Even Islam’s most atavistic Muslims are changing too, liberalizing, learning more about Muhammad’s Islam and how it differs from what some clerics have taught them, moving away from pre-Islamic racism, paedophelia, prejudice and misogyny. They have left al-Qaeda behind, so now al-Qaeda hates them too.

While not yet entirely on the same side, all our sides are drawing together, against oppression, war and tumult and towards freedom. And in fact, the only actors out there who are opposing those developments are the conflict-seeking radicals on every side — al-Qaeda high among them, but certainly joined by the West’s self-anointed “infidel” bloggers, and men like Anders Behring Breivik—flogging the idea that the problem belongs solely to those they oppose, while at the same time also encouraging all sides to literally flog each other, because war and tumult always promote radical perspectives, and because the idea that there’s no other perspective than “us versus them” is where those radicals get their power from in the first place.
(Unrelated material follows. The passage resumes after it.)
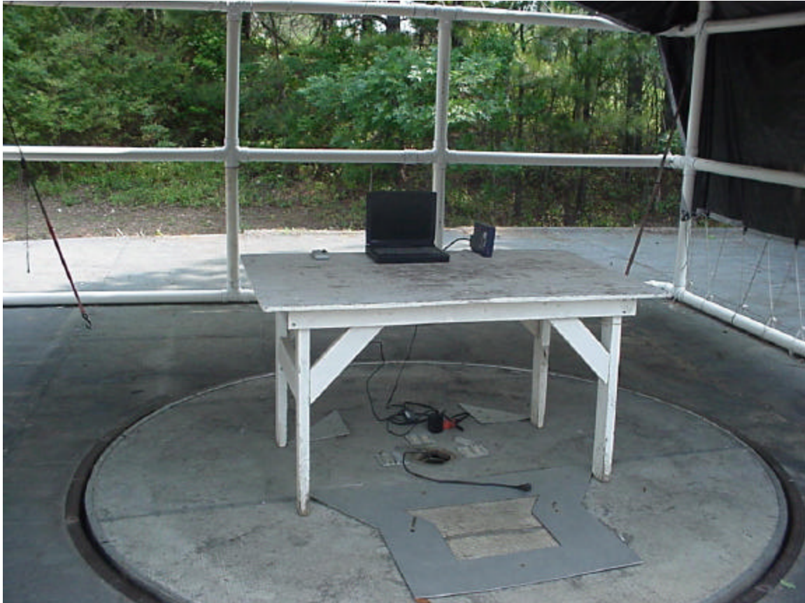
Photograph(s) for Digital Emissions (Front)

So while the explanation for what went wrong with our last hundred years is really quite simple, what we all need to do to get it right again is pretty simple too: we need to promote the good and condemn the wrong in all our faiths and philosophies, instead of promoting what’s bad about the other side while ignoring what’s wrong with our own.
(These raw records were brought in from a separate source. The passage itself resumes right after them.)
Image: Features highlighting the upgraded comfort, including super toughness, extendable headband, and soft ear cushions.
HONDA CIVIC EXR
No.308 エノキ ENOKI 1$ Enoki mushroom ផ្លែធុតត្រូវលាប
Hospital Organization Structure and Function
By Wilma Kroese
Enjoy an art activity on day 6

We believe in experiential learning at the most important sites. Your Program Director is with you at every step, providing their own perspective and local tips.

Jesus principle of dealing with the log in your own eye before focusing on the speck in your neighbors—in fact his entire Sermon on the Mount—sounds like pretty good advice for us all to me.
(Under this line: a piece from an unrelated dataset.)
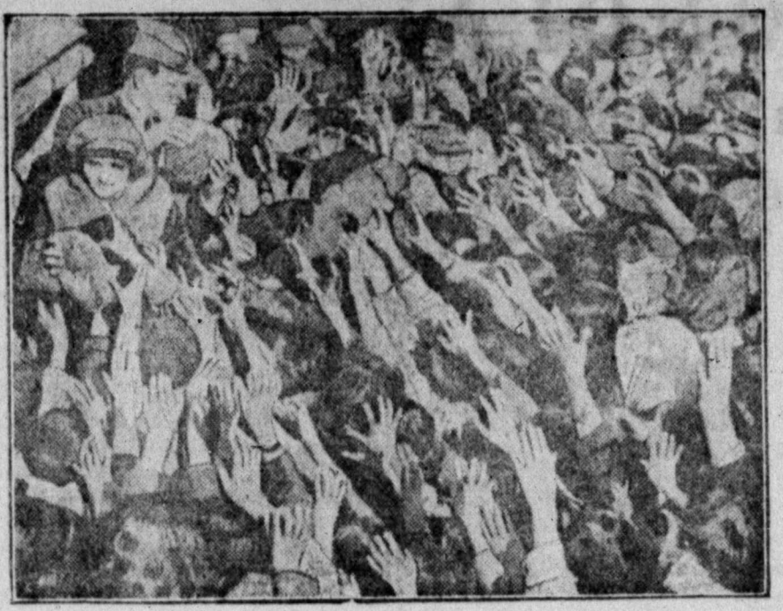
New East Relief Workers Distributing Bread to Newly Arrived Armenian Refugees in Constantinople.

The Constantinople district of the Near East Relief is wonderfully organized. All the bakeries which formerly supplied the Turkish army, under German management, have been taken over by the Near East Relief, and 20,000 loaves of bread are baked and distributed daily. Placed side by side, these loaves would make a line 280 miles long, for the five months that the chorus on without tights or not Near East Relief has operated its consolidated bakeries in Constantinople, putting them on at all. They put

Because carrying that image a little further, if you’ve got something in your eye it’s pretty helpful to have a friend nearby, who’s own clearer vision might help you get it out.

And we’re all far more likely to let someone close enough to do us some good if we aren’t afraid that they’ll just take the advantage instead.

Regardless of who’s more right or who’s more wrong, all sides share some of the guilt for some of the harm that is being experienced to some extent by everybody.

Fact is, we’re all in this together.

What do you think the world would be like, if we all paid a little less attention to teaching other people what we think is wrong with them and how to be more like us, and paid a little more attention to learning how to celebrate the best of everyone?

In the libraries of Timbuktu—now burned to the ground—they cherished the words of Rumi who said, “Out beyond ideas of wrongdoing and rightdoing there is a field. I’ll meet you there.”

I think that is where we’ll all find God’s Peace/Shalom/Salam.


TAM Editors Note:  The Religion Library at Patheos has this useful summary of Wahhabi Islam

Wahhabi Islam is a movement within Islam that was founded in the 18th century CE by Muhammad ibn ‘Abd al-Wahhab in central Arabia. It emphasizes the oneness and uniqueness of God (tawhid) and advocates a return to the rituals and practices of what the movement sees as the original teachings of Islam. The Wahhabis claim the majority of Muslims have abandoned faith in One God and have perverted the faith through innovations (bid’a). They thus reject the practices or innovations that they see as polytheistic, such as venerating saints and visiting shrines and tombs. Wahhabi doctrine teaches a literal belief and interpretation of the sacred texts and calls for the establishment of a unified, truly Muslim state determined by Islamic law. They forbid any luxury in life and reject any cultural importation from other societies. They claim that all others who do not accept their position are heretics, especially Shi’a Muslims. Essential to the history of Wahhabi Islam is its partnership with the Sa’ud family in 1744, an alliance that allowed for the territorial expansion throughout most of the Arabian Peninsula including the capture of Karbala (a Shi’ite holy city), Mecca, and Medina. In 1932 the establishment of the kingdom of Saudi Arabia gave religious and political control of the region to the Wahhabis, including the introduction of the mutawwi’un, a form of private religious police that monitors both public and private conformity to Islam.